德妃:“你糊涂啊,柔則死前為你鋪墊好了一切,你不利用柔則的死,再緊緊抓住胤禛的憐憫,反而一副哀莫大于心死的模樣。
別說見多識廣的皇子了,就是任何男人見了對你現在這副樣子也會沒心思。
太醫院多的是好太醫,總能為你治好。”
宜修睫毛微顫,德妃見狀也懶得多說什么。
隔日,胤禛下了朝,只好又喊來胤禛,話里話外的意思都是讓胤禛去睡宜修。
胤禛是個重視孝道的人,當天就去了宜修院里用晚膳。
舒窈看著桃子傳回來兩人相處的畫面,差點沒把吃的葡萄給吐出來。
這宜修跟胤禛單獨相處時,就像新人秘書和領導之間的相處。
小心翼翼的,生怕壞了自己在領導心目中的印象。
關鍵時刻,還得靠桃子出手,桃子往宜修身上噴了些令人情動的香水。
這香水可是上個世界暗香閣的鎮店之寶。
胤禛突然就感覺宜修身上散發著好聞的香味,那香味讓他忍不住靠近宜修。
而宜修的心臟也不可控制的快速跳動著,讓她感覺身體很空虛。
很想讓胤禛與她融為一體,她也是不受控制的靠近胤禛。
胤禛覺得他的大腦和他的身體都不受控制了,猛地一把抱住宜修。
胤禛壓根不想委屈自己,直接抱著宜修進了內室。
剪秋聽著里面的比宜修以往伺候王爺時,更加激烈的動靜,臉上慢慢布滿紅暈,心里忍不住為自己主子高興。

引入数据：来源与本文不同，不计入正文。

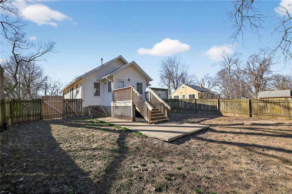 Charming 2-bedroom, 1-bath bungalow in the heart of Raytown offering loads of curb appeal and a warm, inviting feel! Step inside to find neutral colors and abundant natural light that create a bright and airy atmosphere throughout. The dining room flows seamlessly into the living room, giving the home a spacious, open feel perfect for everyday living and entertaining. Both bedrooms feature comfortable carpeting and ceiling fans for added comfort. The kitchen offers convenient access to a large laundry room, providing extra storage and functionality. Enjoy outdoor living on the wood deck overlooking a large lot just shy of 1 acre — plenty of space for gardening, pets, play, or future possibilities. The wood privacy fence adds seclusion and charm, making the backyard your own private retreat. This delightful bungalow combines character, comfort, and space — don’t miss your opportunity to call it home!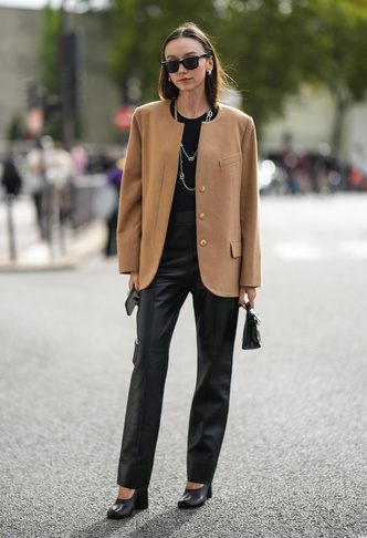 Качественные прямые брюки из экокожи созданы для тех девушек, которые предпочитают более узкие варианты поясных изделий и не любят оверсайз штанины. Такие фасоны никогда не выйдут из моды — это покупка на много лет вперед. Сегодня не требуется обязательного микса прямого низа и объемного верха, поэтому модель можно сочетать даже с водолазкой или лонгсливом. Обувь подойдет как на плоском ходу, так и на каблуке.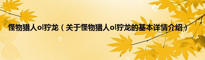 本文关于怪物猎人ol狞龙的基本详情介绍就讲解完毕,希望对大家有所帮助。

蘇培盛在一旁只咂舌,王爺今日是怎么了,如此熱情似火,還是對著側福晉。
難不成這王府后院往后要變天了。
舒窈看著那不雅觀的小電影,趕緊讓桃子切換掉。
次日一早,看著身旁的宜修,胤禛感覺自己真是昏了頭了。
原本因為柔則還有弘暉之事,胤禛感覺自己沒辦法坦然面對宜修,總感覺對她心里有愧疚。
所以,每每來了錦繡院,也只是陪宜修用個膳,從沒有在宜修這里歇過。
只是昨晚,宜修褪去了往日里的端莊,倒是別有一番滋味。
胤禛在蘇培盛的伺候下,穿好衣服,草草的用了早膳,就趕緊去上早朝。
宜修是在日上三竿時,才睡醒的,看著自己身上斑駁的痕跡,宜修回想起昨夜與王爺的纏綿悱惻。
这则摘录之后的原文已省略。